James Pepper, with the Department of State’s Attorneys and Sheriffs, said the work group has been studying a child welfare mediation program in Arizona. According to Pepper, of the 1,100 families that participated in the mediation program in one county in that state, 85% to 90% resolved their cases outside of court.

"It’s family-centric, family-led, it’s therapeutic," Pepper said, "and ultimately less traumatic for the children involved."

Pepper said the program has also saved Arizona millions of dollars in its court system.

"We do think that that is a really important tool to have to try to enable some of these matters to move through the system in a more collaborative manner and hopefully have better outcomes and results." — Commissioner Ken Schatz, Department for Children and Families

Marshall Pahl, with the Office of the Defender General, said child welfare cases often lend themselves to a mediation approach.
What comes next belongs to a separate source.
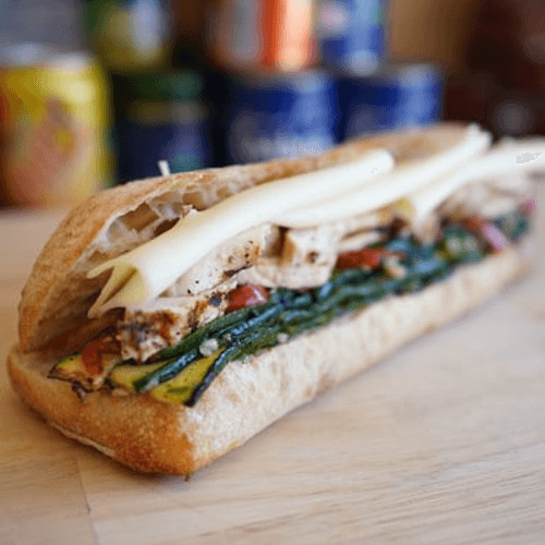 Grilled Zucchini, Roasted Bell Peppers, Grilled Chicken, Smoked Mozzarella Cheese. Served with Chips & Soft Drink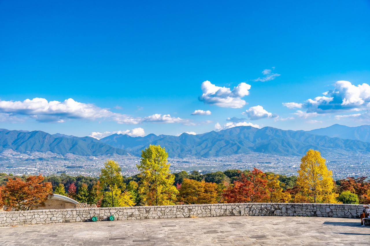 紅葉で色づいたぶどう畑が一面に広がる絶景観光地です。特に「勝沼ぶどうの丘」では、地元産ワインの試飲や温泉が楽しめ、自然の美しさと癒しの時間を満喫できます。

"A lot of time there's a lot of contention that’s brought on by sort of hard feelings about how the people were treated, how the case was brought, whether or not the process seems fair to people," Pahl told lawmakers. "And those are all things that are very, very mediate-able."

Schatz said his department will also likely ask lawmakers to increase funding for a home-visitation program, which he said could help reduce the number of new child neglect cases entering the system.

"Having the ability to refer families to sustained home visiting is an approach that we believe really can make a positive constructive difference, enabling families to address some issues related to opioids, related to other challenges and barriers, that sometimes lead to abuse and neglect," Schatz said.